Blocking leads to deadlocks.

> > We should bust a gut to keep the number of callers to the 
> > resource-intensive (deadlocky!) work_on_cpu() to a minimum.
> 
> i wouldnt call +10K 'resource intensive'.

per CPU.  Plus there's the `ps aux | wth?' effect.

We've busted a gut over far, far less.

Plus the bugfixed, undeadlockable version will be more expensive still.

> > (And to think that adding add_timer_on() creeped me out).
> > 
> > hm.  None of that was very helpful.  How to move forward?
> > 
> > I think I disagree that work_on_cpu() should be made into some robust, 
> > smiled-upon core kernel facility.  It _is_ slow, it _is_ deadlockable. 
> 
> uhm, why is it slow? It could be faster in fact in some cases: the main 
> overhead in on_each_cpu() is having to wait for the IPIs - with a thread 
> based approach if the other CPUs are idle we can get an IPI-less wakeup.

spose so, if the CPU can do mwait?  If the CPU was idle, etc.  If a CPU
was busy then the call could take a long time.

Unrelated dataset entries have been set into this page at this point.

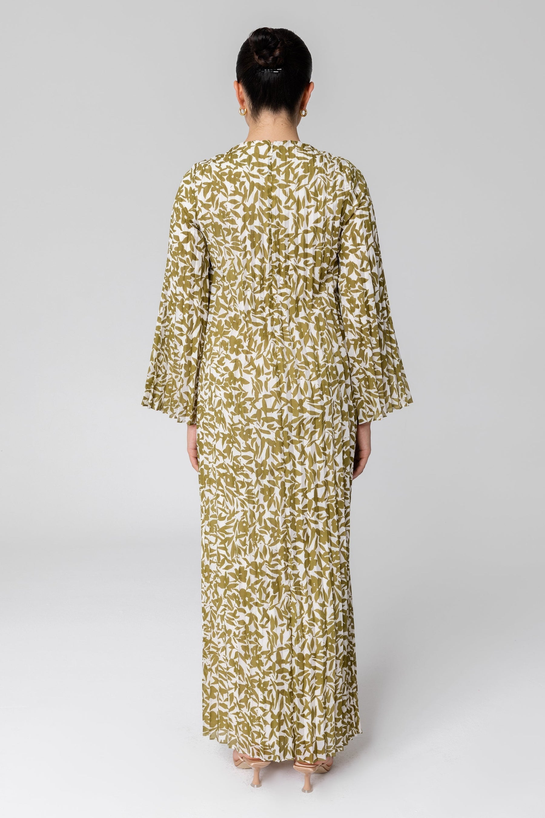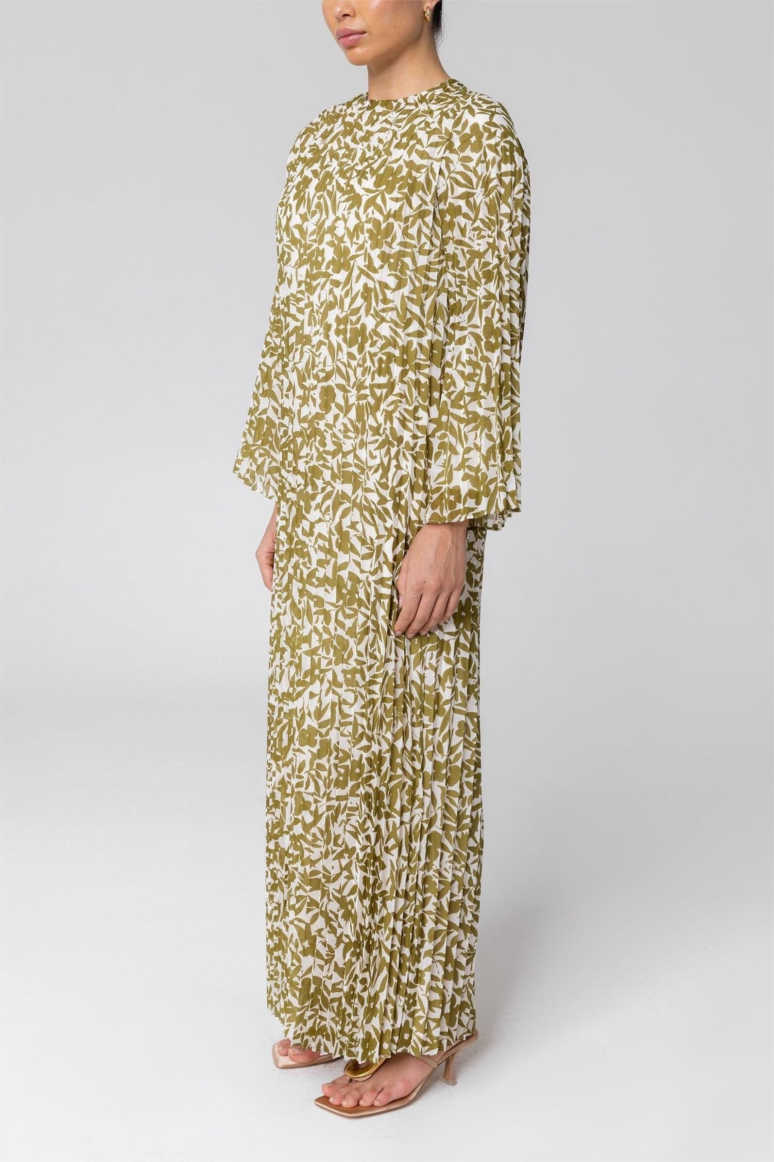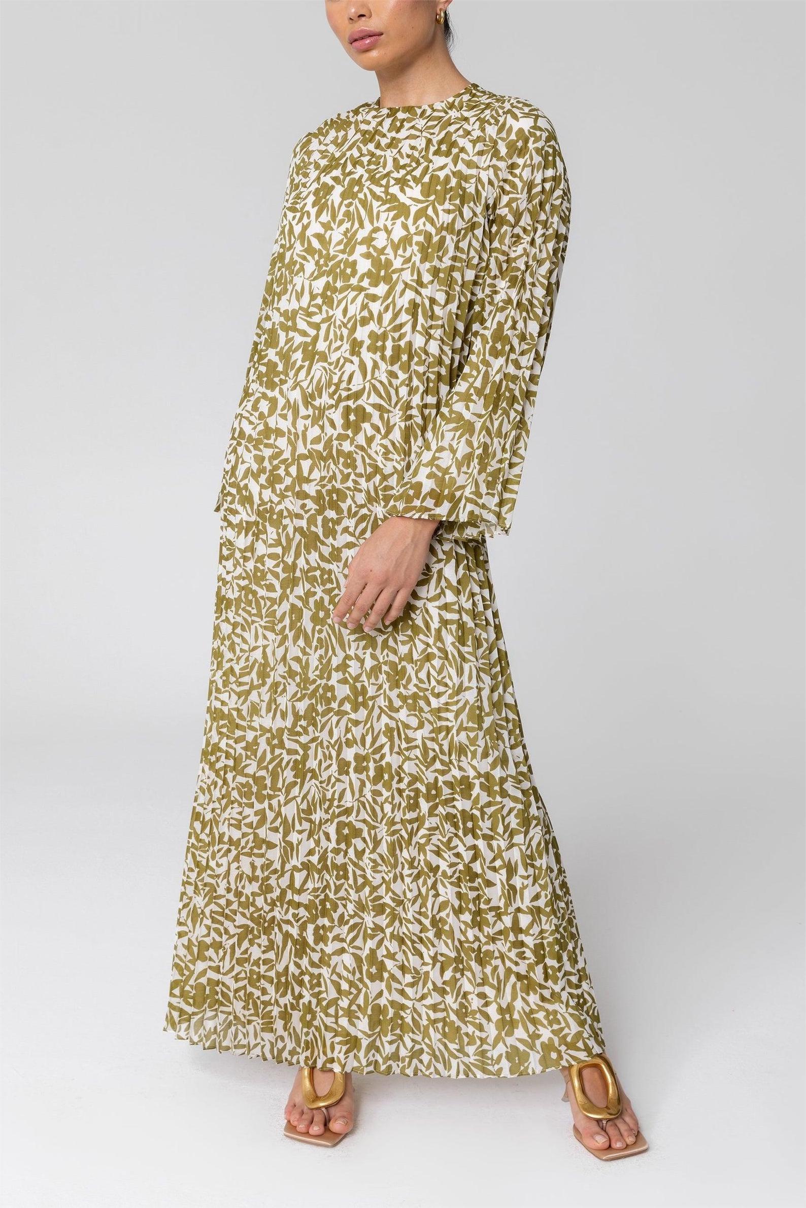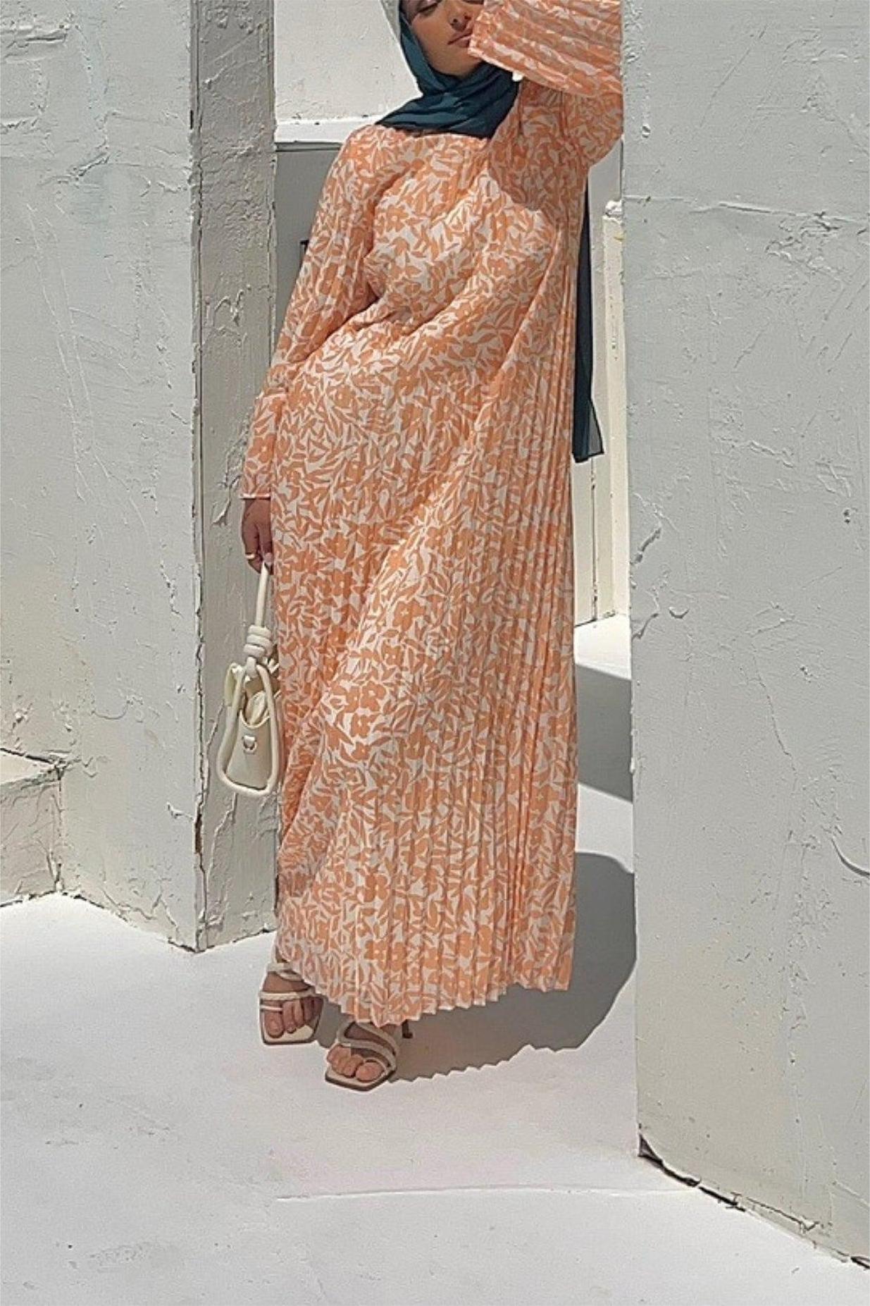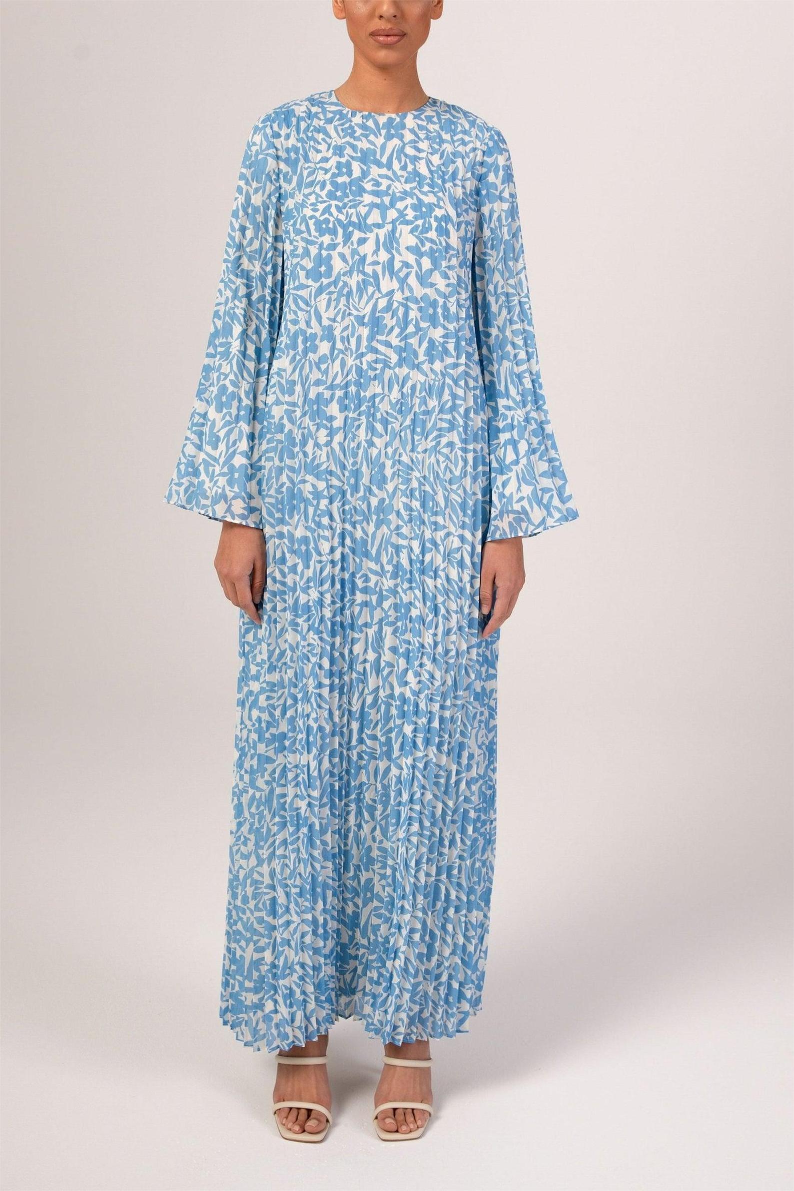 The Pleated Shift dress features a delicate pleated chiffon fabric, with a modest casual-fit bodice and feminine floral pattern for the perfect summer dress.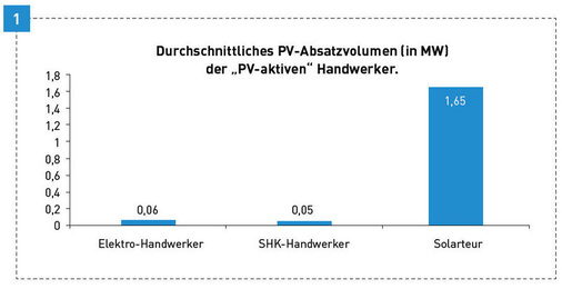 - Querschiesser verwaltet ca. 38 000 aktive SHK-Handwerker in seiner Handwerker-Datenbank. Aus den Dauerbefragungen zu den Produktgruppen im Bereich der erneuerbaren Energie ist bekannt, dass davon ca. 14 % „PV-aktiv“ sind. Deren durchschnittliches Absatzpotenzial beträgt 0,05 MWp. Daraus ergibt sich ein Gesamtabsatzvolumen im Vertriebskanal SHK-Handwerk von ca. 266 MW (Bild 1).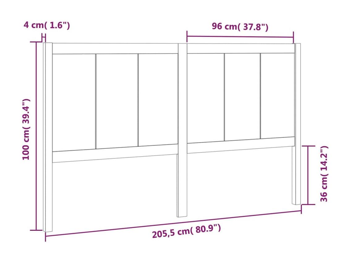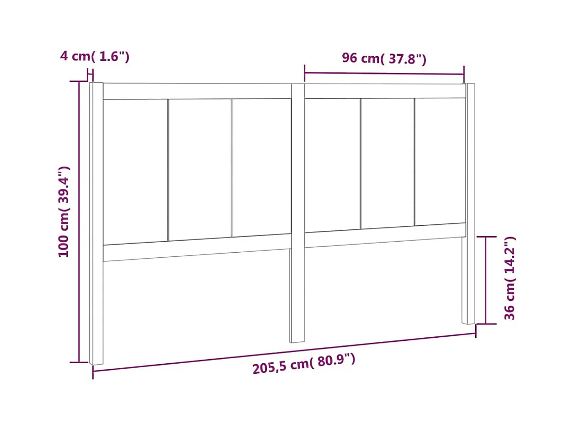 Tête de Lit | Panneau de tête pour lit Moderne Noir 205,5x4x100 cm Bois massif de pin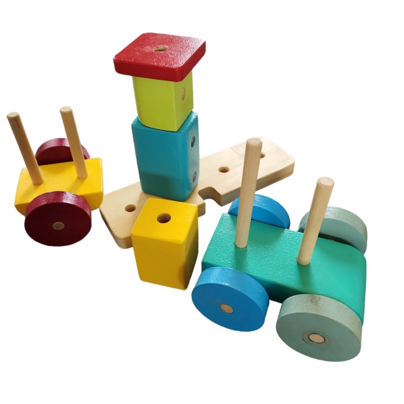 Rodado didactico de bloques desarmable, juego de ensarte, rompecabezas y arrastre.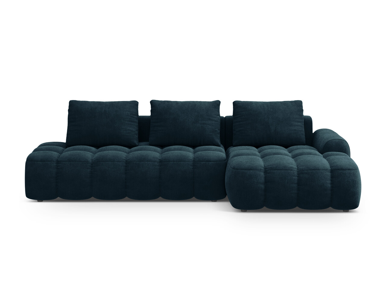 Coltar extensibil dreapta 3 locuri, Linz, Cosmopolitan Design, 275x142x84 cm, cotiera stanga, catifea, albastru petrol inchis

> > It should be positioned as something which is only used as a last 
> > resort.  And if you _have_ to use it, sort out your locking!
> > 
> > Plus the number of code sites which want to fiddle with other CPUs in 
> > this manner will always be small.  cpufreq, MCE, irq-affinity, things 
> > like that.
> > 
> > What is the deadlock in acpi-cpufreq?  Which lock, and who is the 
> > "other" holder of that lock?
> 
> a quick look suggests that it's dbs_mutex.
> 

Can't see it.

In fact all work_on_cpu() handlers in
arch/x86/kernel/cpu/cpufreq/acpi-cpufreq.c appear to be atomic. 
Couldn't the whole thing be converted to use smp_call_function_many()?